→ MATERIAL TO PROCESS
★ ★ ★ ★ ★

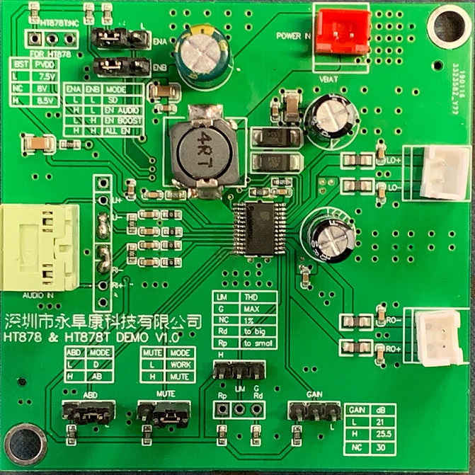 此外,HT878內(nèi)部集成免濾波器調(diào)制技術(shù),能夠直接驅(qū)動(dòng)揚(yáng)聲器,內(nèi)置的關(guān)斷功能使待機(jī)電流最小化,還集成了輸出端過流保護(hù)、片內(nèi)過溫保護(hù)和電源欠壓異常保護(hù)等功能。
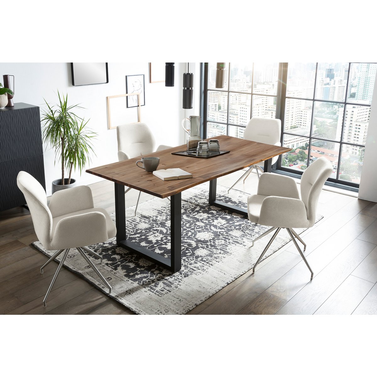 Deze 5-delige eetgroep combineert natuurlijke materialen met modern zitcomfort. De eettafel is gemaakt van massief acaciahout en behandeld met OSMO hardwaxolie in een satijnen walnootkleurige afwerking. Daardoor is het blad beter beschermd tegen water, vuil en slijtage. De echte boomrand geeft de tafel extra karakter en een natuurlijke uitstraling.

★ ★ ★ ★ ★

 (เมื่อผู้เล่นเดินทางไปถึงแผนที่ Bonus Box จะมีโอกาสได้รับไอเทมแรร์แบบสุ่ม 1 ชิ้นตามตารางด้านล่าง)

★ ★ ★ ★ ★

→ TASK ITEM
An exact copy is needed of the stretch above that opens with the line containing "此外,HT878內(nèi)" and closes with the line containing "Deze 5-delige eetgroep"; the pictures are not part of it.

→ FINAL ANSWER
 此外,HT878內(nèi)部集成免濾波器調(diào)制技術(shù),能夠直接驅(qū)動(dòng)揚(yáng)聲器,內(nèi)置的關(guān)斷功能使待機(jī)電流最小化,還集成了輸出端過流保護(hù)、片內(nèi)過溫保護(hù)和電源欠壓異常保護(hù)等功能。
 Deze 5-delige eetgroep combineert natuurlijke materialen met modern zitcomfort. De eettafel is gemaakt van massief acaciahout en behandeld met OSMO hardwaxolie in een satijnen walnootkleurige afwerking. Daardoor is het blad beter beschermd tegen water, vuil en slijtage. De echte boomrand geeft de tafel extra karakter en een natuurlijke uitstraling.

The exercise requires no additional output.